Julien Reszka
Most risk frameworks begin too late. They ask what can go wrong before defining what wrong even means in the context they are analysing.
This is not a new observation. FMEA was standardized by the US military in 1949 and remains the dominant structured failure framework. It asks: what can fail, how severe, how likely. But it starts at the failure mode, not the doctrine upstream of it. That upstream layer, who has authority to define what the right belief even is for a given role, is a governance problem, not a data problem. Williams (2017, PMJ) found the same gap in practice: risk registers list risks in isolation and fail to capture causal chains. Recovery plans treat symptoms without touching the doctrine that produced them. Olivier and Schwella (2018) measured that organizations lose 49.6% of strategic potential in the gap between intent and execution, not because the strategy was wrong, but because no one named the drift.
That omission matters because a hospital, a court, a sales department, and an engineering workshop do not fail in the same content. But they do fail in the same structure. A false doctrine produces the wrong attribute in the deliverable, the wrong attribute generates risk, the risk causes consequences, and recovery has to be specified at both the risk and consequence layer.
In this register, every row uses the same anatomy:
- environment and role
- bad quality and good quality
- false doctrine and true doctrine
- actions and deliverable
- wrong attribute and right attribute
- active and passive countermeasures
- external and internal risks
- external and internal consequences
- recovery paths for each risk and consequence
The important column is `false_doctrine`. That is the alignment failure. In a doctor's office it may be charlatanism. In regulation it may be cronyism. In an engineering workshop it may be absurdism. The doctrine changes by sphere, but the structural path from misalignment to damage does not.
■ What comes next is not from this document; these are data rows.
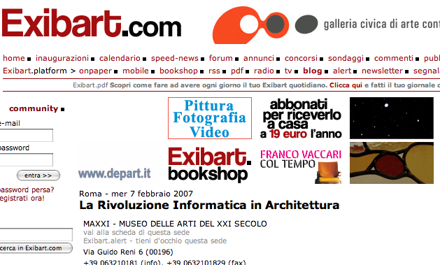 Rassegna stampa Segui alcuni link dove è stato dato l'annuncio Architecture.it Exibart Arch'it Professione Architetto InfoGuild Edilizia On Line Architettura di Pietra Edilportale MinisteroBAC Tafter Europaconcorsi ed altre ancora che ringraziamo per l'attenzione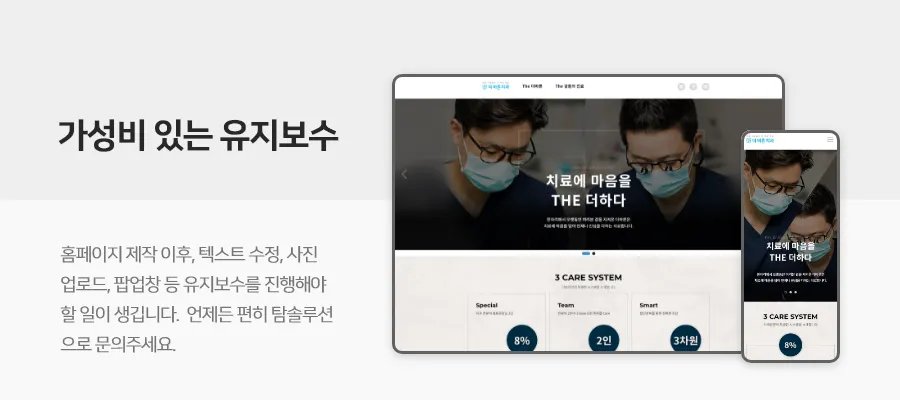 홈페이지 제작이 완료가 되어도 여러 가지 수정사항은 빈번히 발생될 수 있습니다. 이러한 관리를 내부에서 직접 인력을 두시고 처리하시기에는 어렵습니다. 따라서 병원을 운영하면서, 정기적으로 시술 이벤트를 진행하거나 원장님 진료 일정이 변하는 경우는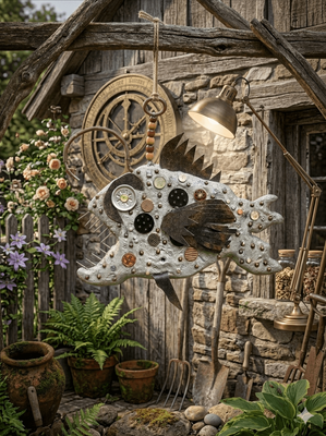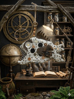 Look closely and you’ll find a treasure trove of repurposed industrial artifacts. From the texture of sheet metal to the geometric patterns of buttons and brass washers, every "scale" has a past life. These everyday objects are reimagined as biological armor, finished with a distressed metallic patina that suggests a creature forged in the lightless depths of a steam-powered ocean.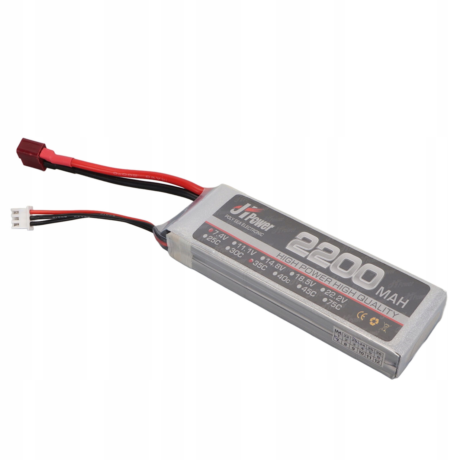 4. Dane techniczne: Ta bateria litowa do samolotu RC o napięciu 7,4 2S, wtyczce ładowania głowicy balansującej XH, szybkości rozładowania 35°C i pojemności 2200 mAh, jest bezpieczna w użyciu.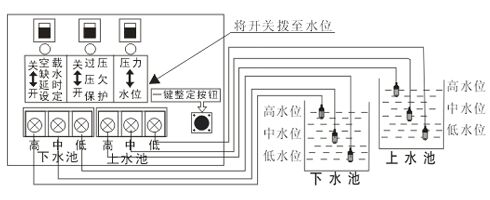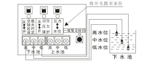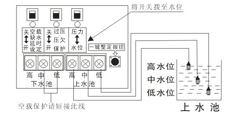 設(shè)置空載保護(hù)后,下水池不能接探頭。上水池的水用到中水位時(shí)會(huì)開始抽水,抽到高水位會(huì)水滿停機(jī),低水位訊號(hào)線起回路作用。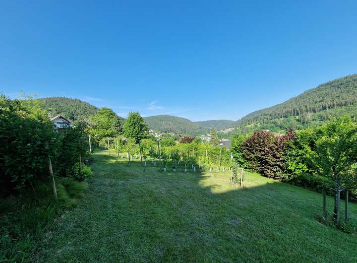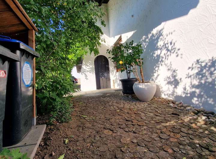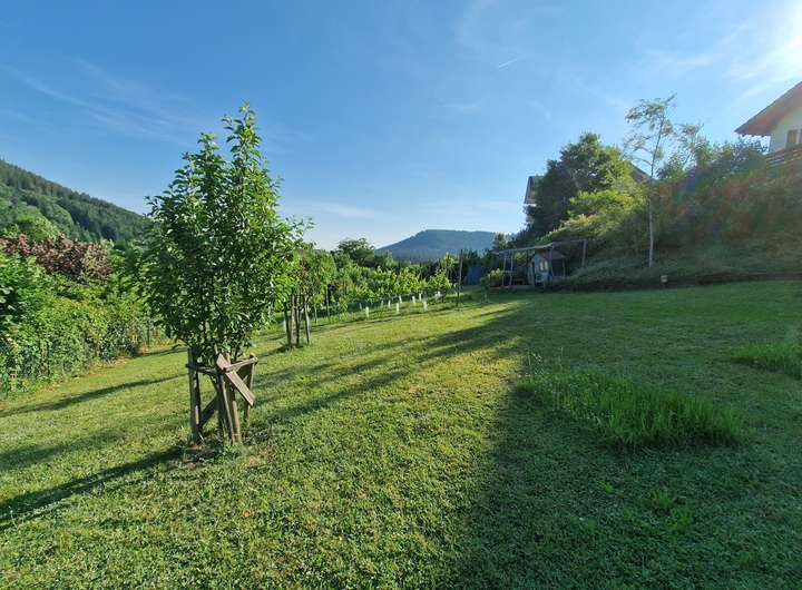 Das beeindruckende Grundstück von 1642 m² kann in zwei Teilstücke von 860 m² und 782 m² unterteilt werden. Der Garten verfügt über einen ca. 100 m² großen Weingarten und einen unterirdischen Regenwasserspeicher von etwa 10.000 Litern. Ein über 11 Meter langer Balkon erstreckt sich entlang der Rückseite des Hauses und bietet einen atemberaubenden Blick auf die umliegende Landschaft.
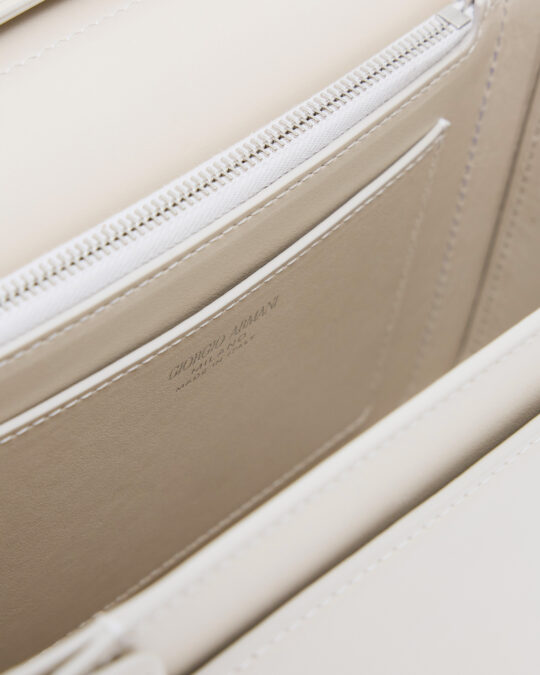La propuesta, que presenta líneas esenciales y compactas con costuras visibles y dos elementos distintivos –una solapa frontal inspirada en la solapa de las chaquetas Armani y un cierre metálico grabado– se define como una continuidad del diseño presentado en la colección de calzado del año pasado. Porque si algo tiene Giorgio Armani en su ADN es esa preciosa inercia por dar continuidad a todas sus creaciones. La atemporalidad es un requisito intrínseco en cada colección y en esta ocasión no iba a ser menos. Como la versatilidad de esta propuesta, concebida como el elemento central del diseño para que el bolso se adapte tanto para las necesidades del día como las apetencias de la noche, transformándose de bolso cruzado a bolso de hombro y de mano.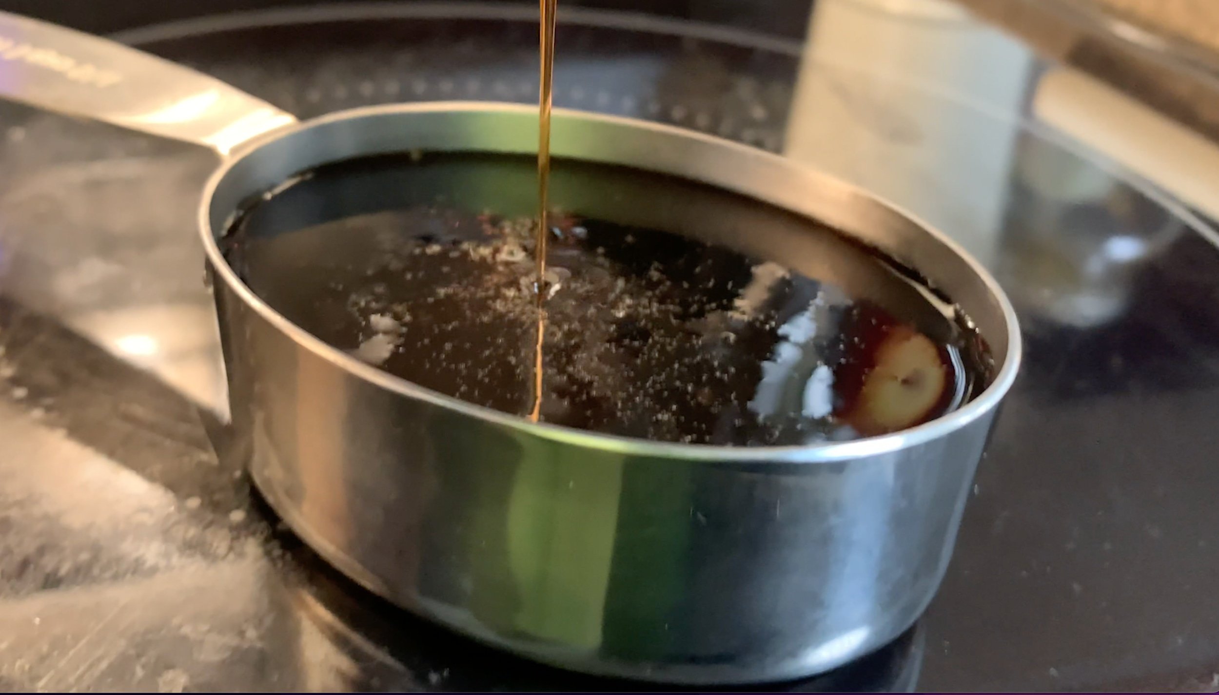 Because the pomegranate juice is warm and hot, it is runnier than it looks. When it cools down, it will become thicker than honey and it will be dense. It will reduce by a factor of 4.

The names themselves are imperfect and can be disputed. Take them as starting points for thinking, not as verdicts. The value is in the structure, not in whether charlatanism is the exact right word for a given failure mode.
That structural focus is also what makes this a generative framework rather than a descriptive one. A descriptive register catalogues the domains it has already seen; it is a lookup table. This structure is a grammar. Take a context that appears nowhere in the example dataset: a maritime port authority, a hospice care team, a satellite launch crew. The structure still applies: there is a role, a deliverable, an attribute that can drift, a doctrine behind the drift, countermeasures, consequences, and recovery paths. You do not retrieve those entries from the dataset; you derive them from the anatomy. The columns constrain what a valid entry looks like, and that constraint is what makes the output meaningful even for domains no one has catalogued yet.
That property has a direct implication for AI. A model fine-tuned on this structure would be unusually good at two questions that current systems handle poorly: what is the upstream cause of this failure, and what is the appropriate recovery given this consequence. Those are not retrieval questions. They require reasoning along the causal chain from doctrine to attribute to risk to consequence to recovery. The register makes that chain explicit in every row, which means the training signal is not just labelled examples but labelled reasoning paths. That is directly useful for AI systems that need to diagnose and correct their own behaviour, rather than merely pattern-match against past errors.
The useful move is to instrument the gap between the wrong and right attribute for each deliverable you care about. Once that gap is explicit, the countermeasures, risks, and recovery plans stop being abstract policy language and become design decisions.
The example dataset linked here was handcrafted over two years to see how far the framework could go. Thirty spheres, five roles each, every column filled. The answer is: pretty far. The structure held across domains that share nothing in surface content (from military logistics to spiritual communities to corporate legal) because the anatomy underneath them is the same.
If you want to use this approach, start with one context you actually own:
- Name the role.
- Name the deliverable.
- Define the wrong and right attribute.
- Write the false doctrine that causes the wrong one.
- Add one active and one passive countermeasure.
- Write the recovery path before the failure happens.
If you cannot name the false doctrine in your domain, you do not yet know what alignment failure looks like there.
Discussion
I like the structure but I am skeptical that you can pin down a false doctrine for every domain. In engineering, sure. But in something like sales or marketing the failure modes feel more situational than doctrinal. Is charlatanism really the right frame for a salesperson who oversells?
The names are deliberately imperfect - they are a starting point, not a verdict. For sales the false doctrine might be closer to sophism: the belief that persuasion is the goal rather than fit. The exact word matters less than the practice of naming it. Once you write down the doctrine your domain runs on, you can see when it drifts. That is the point of the column.
Do you have a filled-out version of this register somewhere? The anatomy makes sense in theory but I would like to see what it actually looks like applied to a real domain.
Yes. I put together an example covering 30 spheres, from hospitals to engineering workshops to financial advisors: register-example.csv. Each row is a full anatomy from sphere and role through to recovery paths.